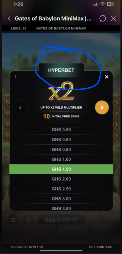- The total bet (e.g., GHS 2.00) is displayed at the bottom of the screen.
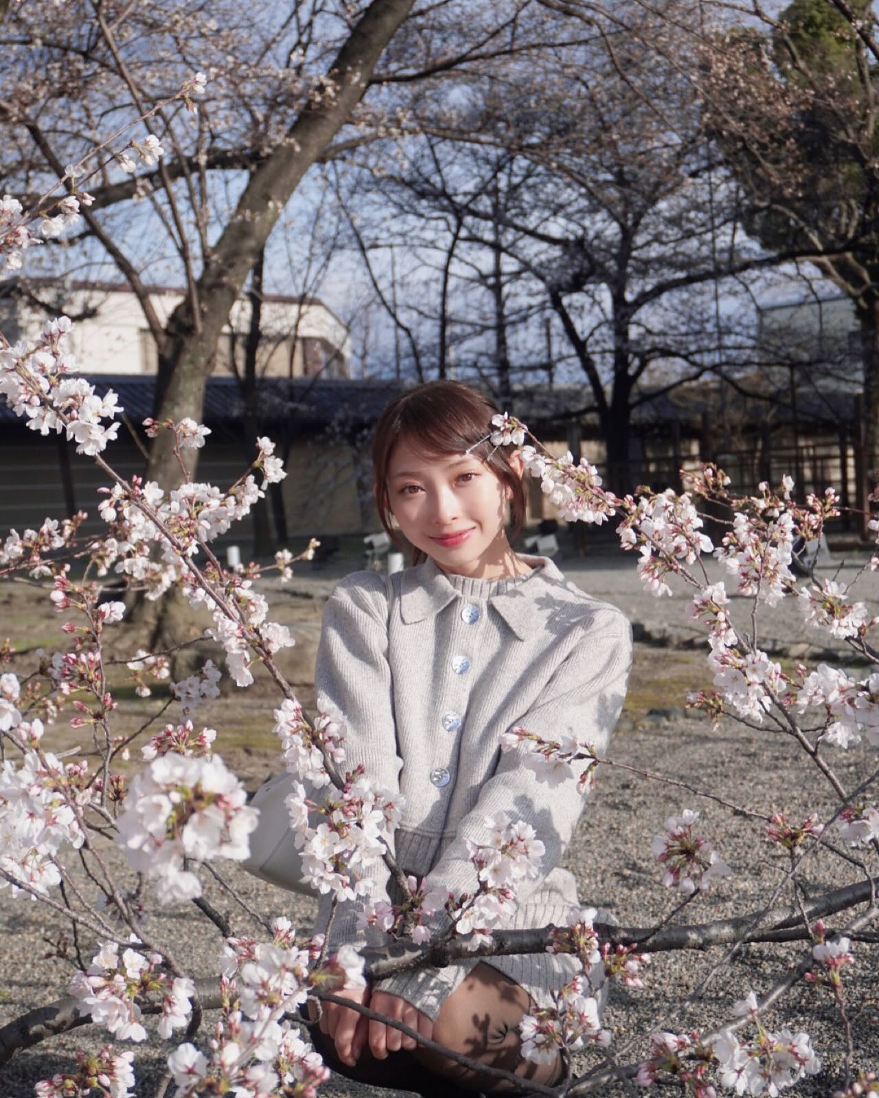 美しい桜とのショットや、わらび餅を美味しそうに眺めるショットを公開した。
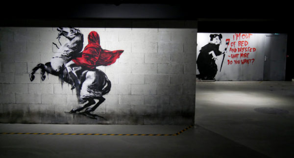 Beaucoup de ces toiles ont d’abord été graffées sur des murs par le cultissime Banksy.

TASK DIRECTIONS: Restate all of the material word for word, leaving every picture out.

PROBLEM SOLUTION:
- The total bet (e.g., GHS 2.00) is displayed at the bottom of the screen.
 美しい桜とのショットや、わらび餅を美味しそうに眺めるショットを公開した。
 Beaucoup de ces toiles ont d’abord été graffées sur des murs par le cultissime Banksy.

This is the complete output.